INSTRUCTIONS FOR THE TASK — Further down are entries; set down exactly and only the lines from the one with "135° split points" up to and including the one with "①一层主要为动区生活空间,优", dropping each picture.

SUPPLIED ENTRIES —

____

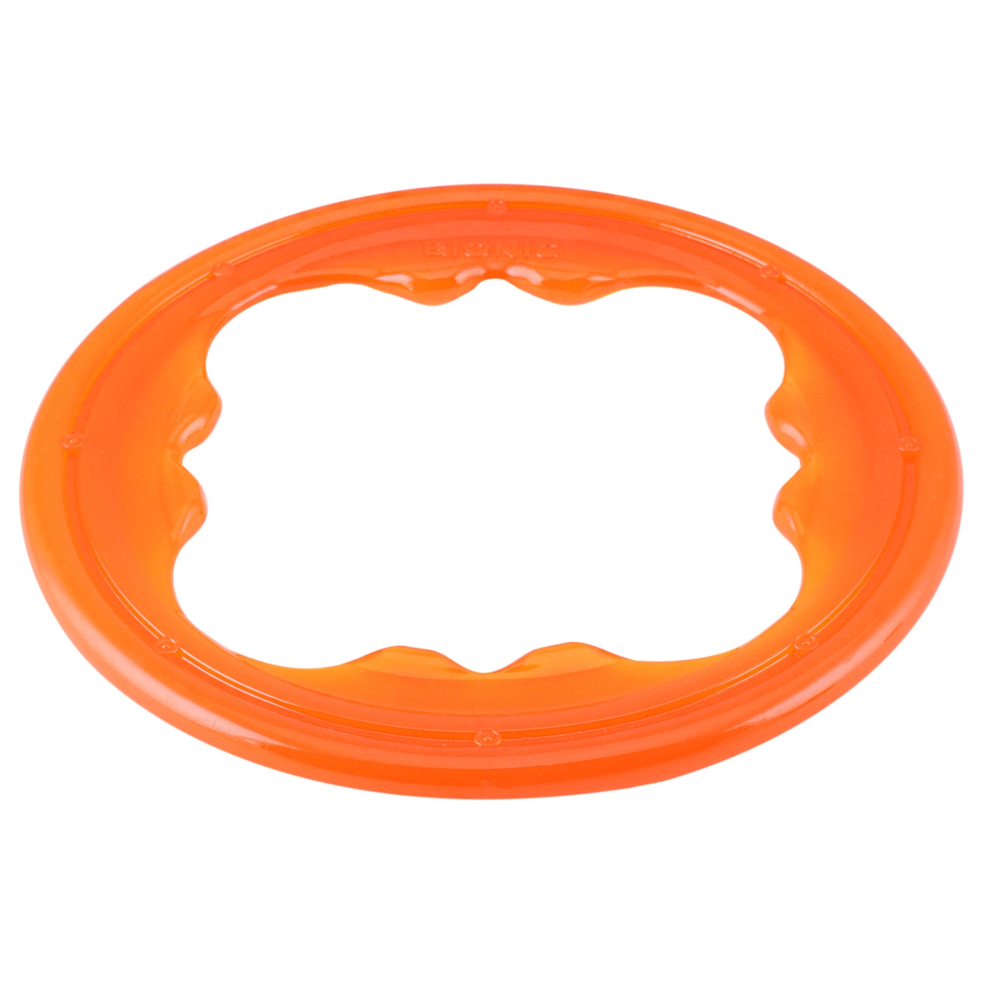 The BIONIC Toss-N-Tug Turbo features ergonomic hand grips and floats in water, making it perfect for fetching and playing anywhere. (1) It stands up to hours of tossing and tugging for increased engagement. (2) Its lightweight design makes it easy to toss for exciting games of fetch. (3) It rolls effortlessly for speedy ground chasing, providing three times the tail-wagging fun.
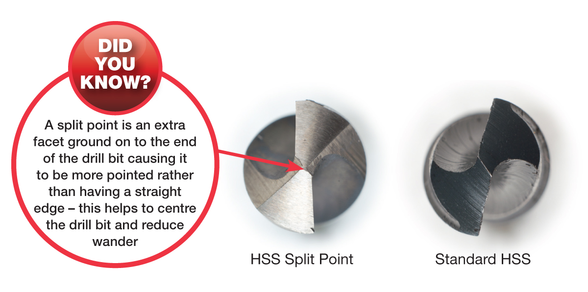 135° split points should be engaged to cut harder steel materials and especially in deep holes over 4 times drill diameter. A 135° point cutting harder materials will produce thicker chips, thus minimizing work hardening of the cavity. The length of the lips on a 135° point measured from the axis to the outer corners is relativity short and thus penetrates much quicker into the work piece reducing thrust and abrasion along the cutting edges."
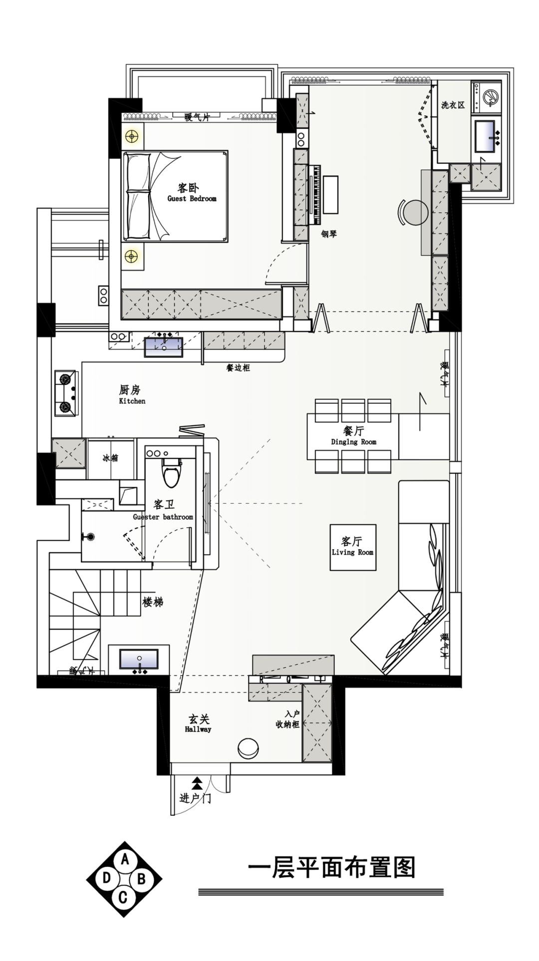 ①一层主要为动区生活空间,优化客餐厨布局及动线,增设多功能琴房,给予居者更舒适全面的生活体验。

____

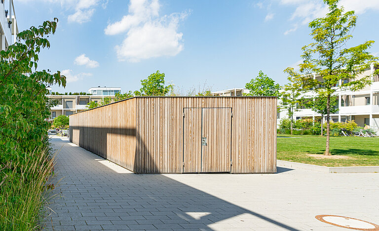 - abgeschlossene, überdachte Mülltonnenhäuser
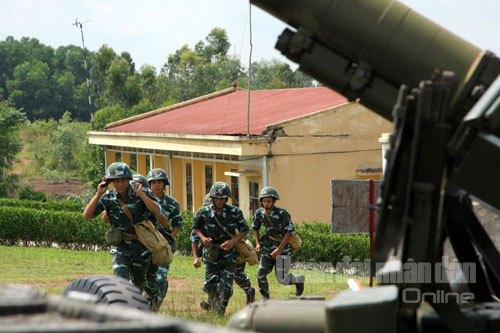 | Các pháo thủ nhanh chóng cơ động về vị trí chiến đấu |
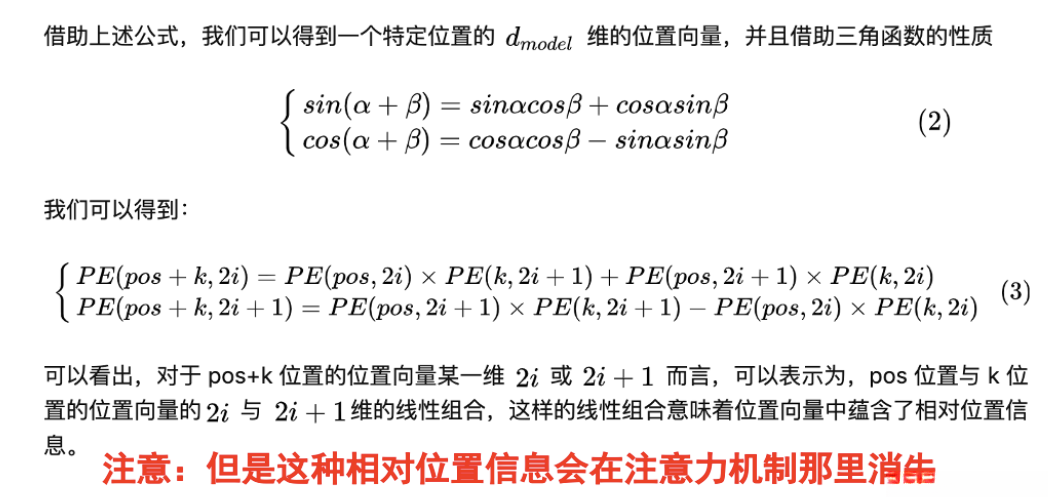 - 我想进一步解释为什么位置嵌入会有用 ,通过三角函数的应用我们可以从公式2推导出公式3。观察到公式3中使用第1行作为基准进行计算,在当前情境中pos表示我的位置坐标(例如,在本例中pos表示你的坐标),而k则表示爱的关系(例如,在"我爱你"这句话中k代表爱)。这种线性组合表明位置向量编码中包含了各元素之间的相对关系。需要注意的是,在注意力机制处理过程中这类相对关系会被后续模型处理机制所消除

____

EXERCISE OUTPUT —
 135° split points should be engaged to cut harder steel materials and especially in deep holes over 4 times drill diameter. A 135° point cutting harder materials will produce thicker chips, thus minimizing work hardening of the cavity. The length of the lips on a 135° point measured from the axis to the outer corners is relativity short and thus penetrates much quicker into the work piece reducing thrust and abrasion along the cutting edges."
 ①一层主要为动区生活空间,优化客餐厨布局及动线,增设多功能琴房,给予居者更舒适全面的生活体验。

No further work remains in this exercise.